### Task requirements
Each line from the one containing "Камин — обязательный" to the end of the entries below is to be set down exactly; the pictures are not.

### Supplied entries
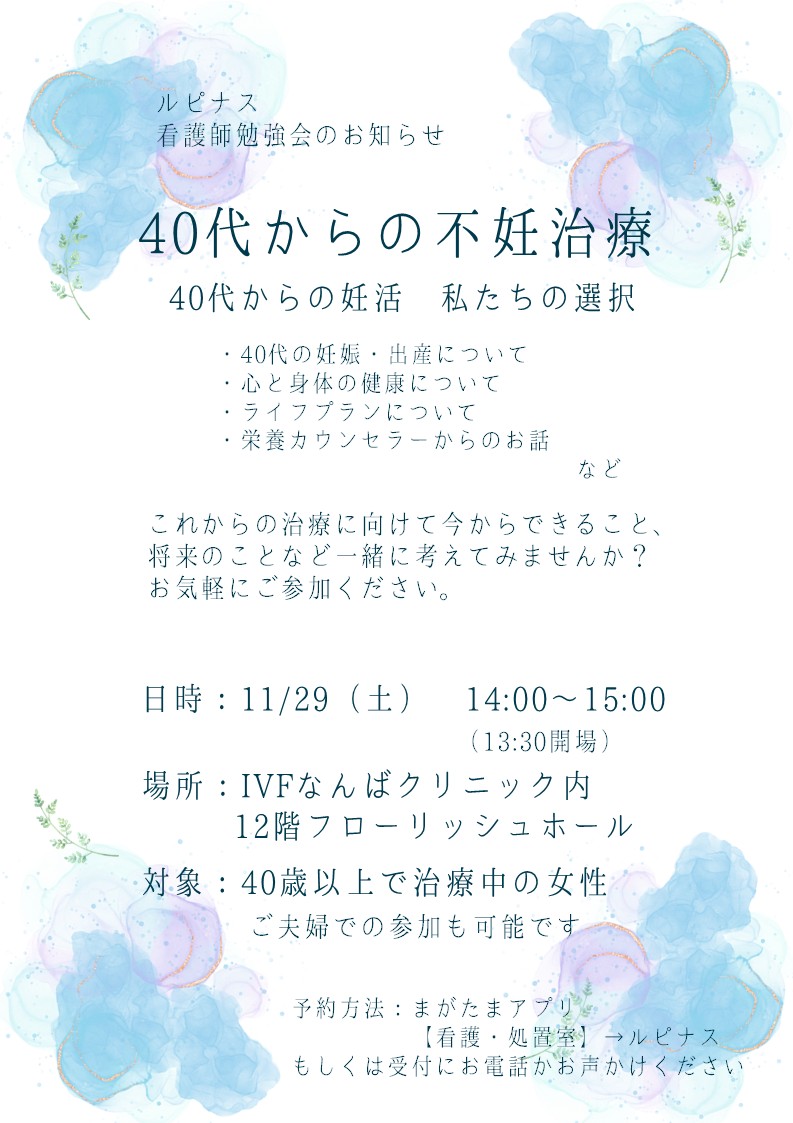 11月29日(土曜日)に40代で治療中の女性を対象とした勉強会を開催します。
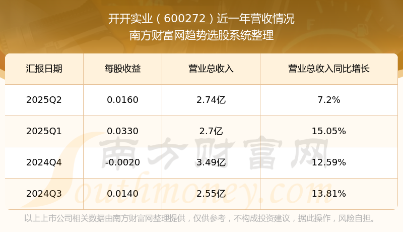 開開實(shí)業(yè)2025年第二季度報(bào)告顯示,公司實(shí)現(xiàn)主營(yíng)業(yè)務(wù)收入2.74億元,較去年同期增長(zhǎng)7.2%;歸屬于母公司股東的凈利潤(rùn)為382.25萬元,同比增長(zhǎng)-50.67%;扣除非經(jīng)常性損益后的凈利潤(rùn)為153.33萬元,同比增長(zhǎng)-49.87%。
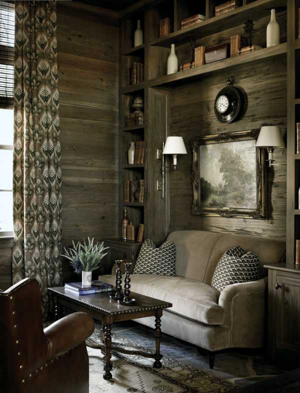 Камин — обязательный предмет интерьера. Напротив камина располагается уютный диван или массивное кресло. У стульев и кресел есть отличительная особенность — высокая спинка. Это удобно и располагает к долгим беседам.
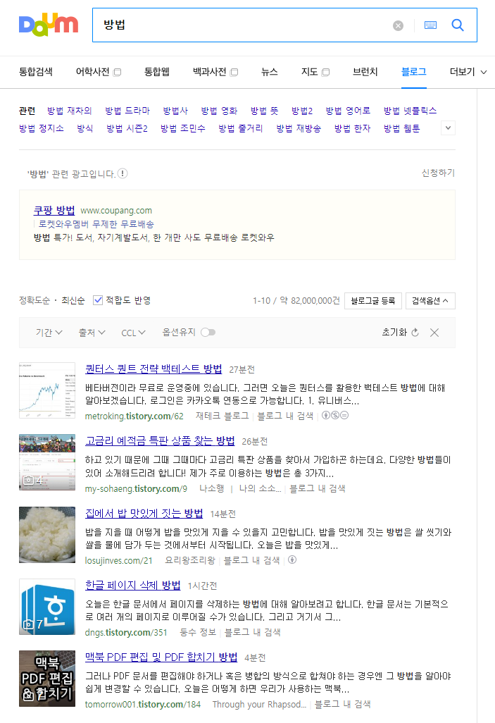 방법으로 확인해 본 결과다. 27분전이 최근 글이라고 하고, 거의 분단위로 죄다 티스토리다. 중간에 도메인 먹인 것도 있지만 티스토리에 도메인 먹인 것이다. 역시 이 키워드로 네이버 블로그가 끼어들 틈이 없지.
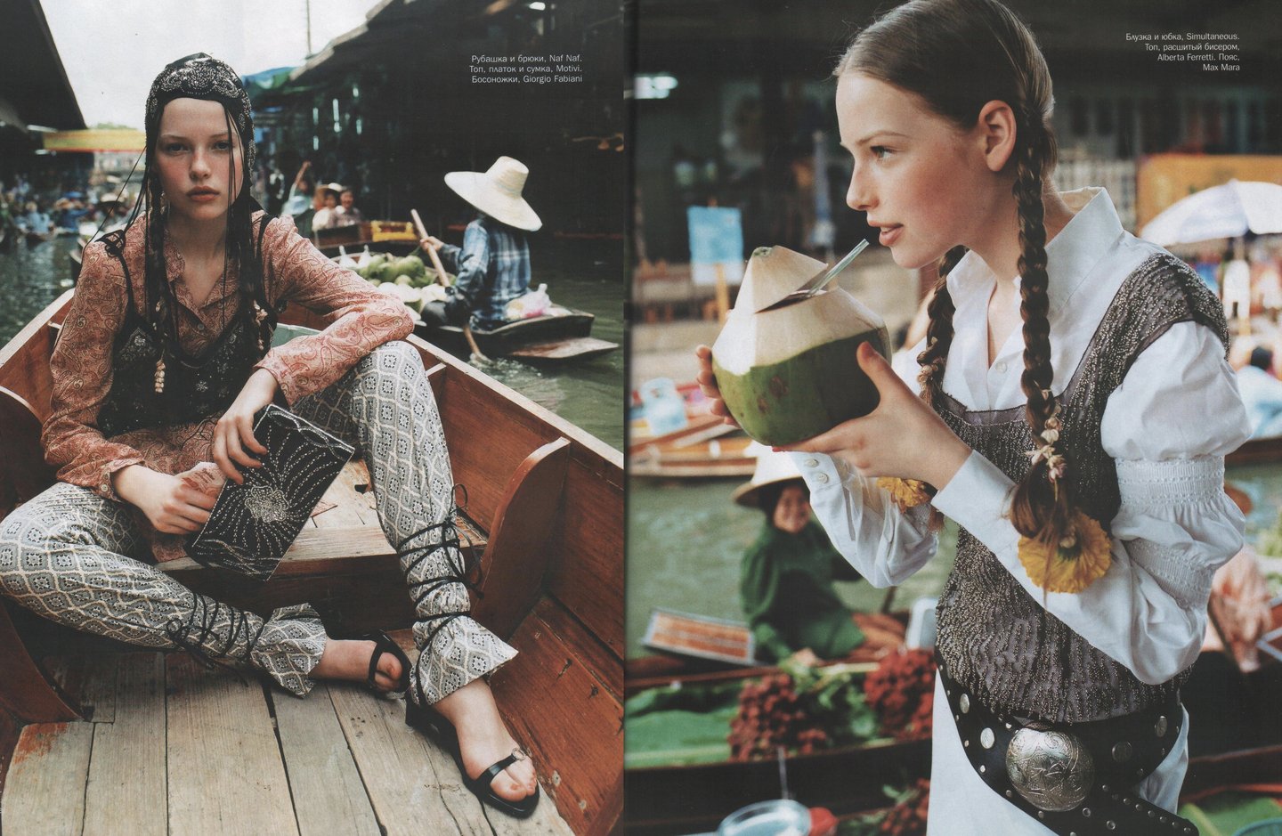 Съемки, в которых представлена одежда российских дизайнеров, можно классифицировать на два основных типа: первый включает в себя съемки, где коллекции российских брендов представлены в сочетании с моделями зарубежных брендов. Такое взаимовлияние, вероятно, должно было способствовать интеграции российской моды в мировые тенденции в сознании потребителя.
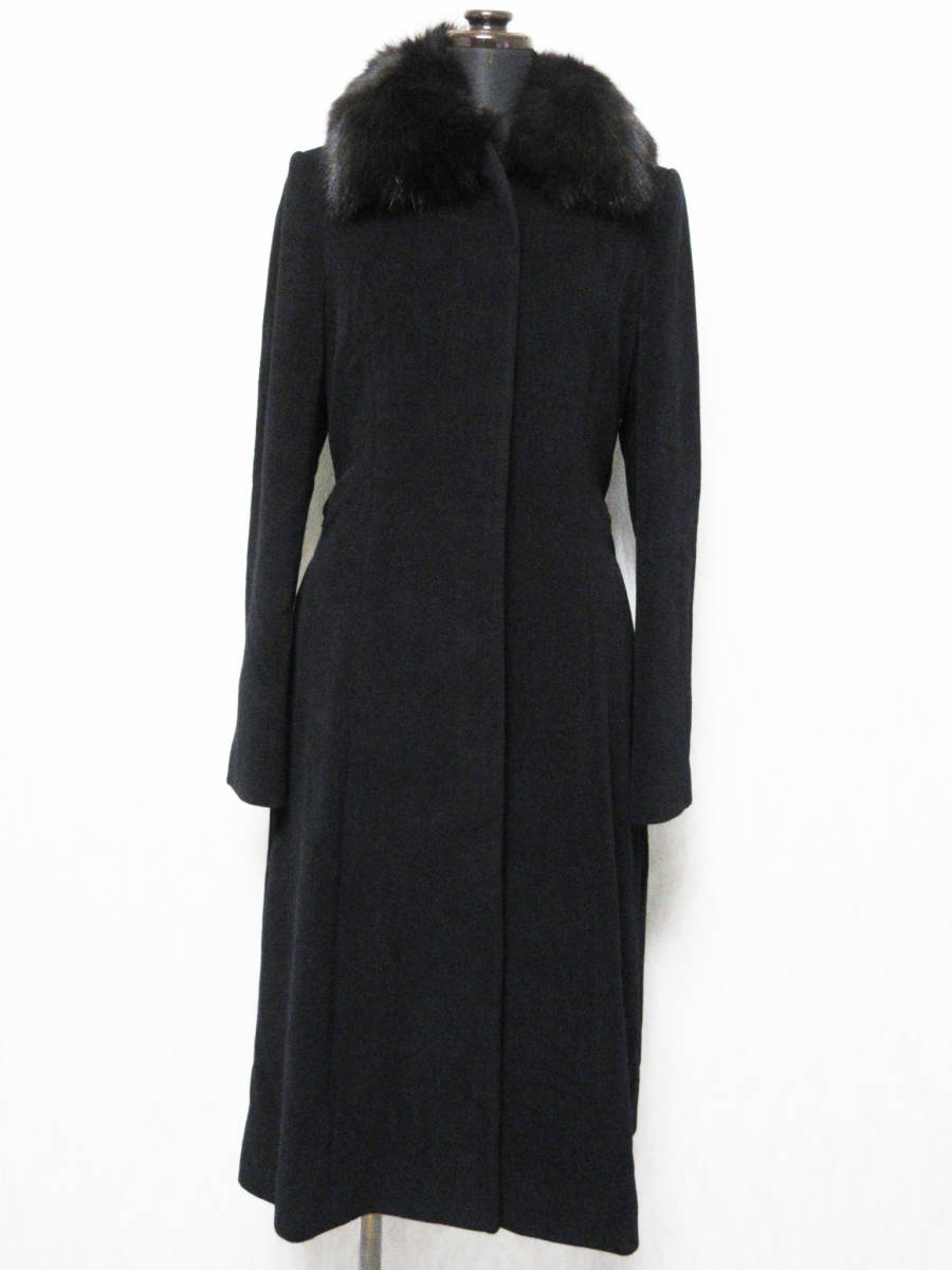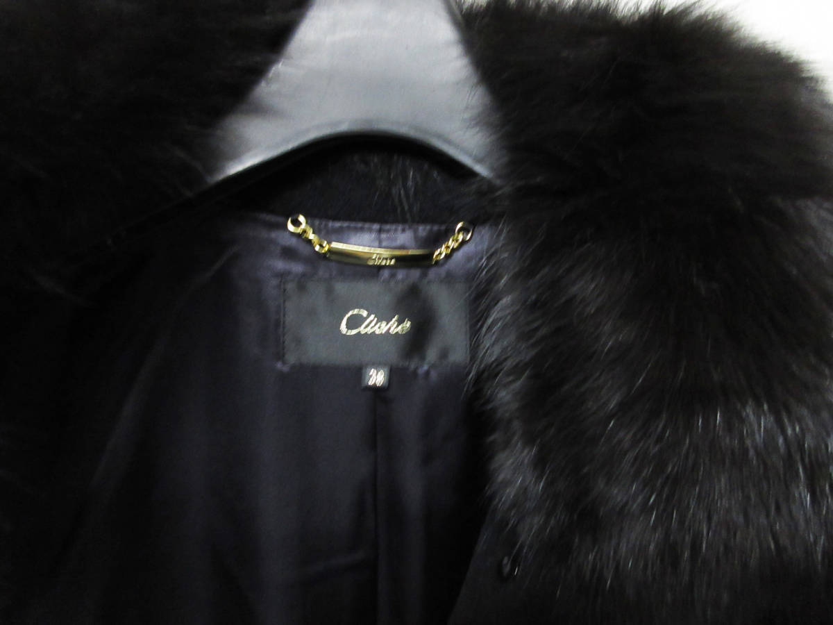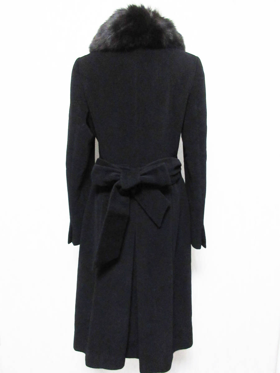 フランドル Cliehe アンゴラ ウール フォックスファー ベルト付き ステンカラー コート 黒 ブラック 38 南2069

### Answer space
 Камин — обязательный предмет интерьера. Напротив камина располагается уютный диван или массивное кресло. У стульев и кресел есть отличительная особенность — высокая спинка. Это удобно и располагает к долгим беседам.
 방법으로 확인해 본 결과다. 27분전이 최근 글이라고 하고, 거의 분단위로 죄다 티스토리다. 중간에 도메인 먹인 것도 있지만 티스토리에 도메인 먹인 것이다. 역시 이 키워드로 네이버 블로그가 끼어들 틈이 없지.
 Съемки, в которых представлена одежда российских дизайнеров, можно классифицировать на два основных типа: первый включает в себя съемки, где коллекции российских брендов представлены в сочетании с моделями зарубежных брендов. Такое взаимовлияние, вероятно, должно было способствовать интеграции российской моды в мировые тенденции в сознании потребителя.
 フランドル Cliehe アンゴラ ウール フォックスファー ベルト付き ステンカラー コート 黒 ブラック 38 南2069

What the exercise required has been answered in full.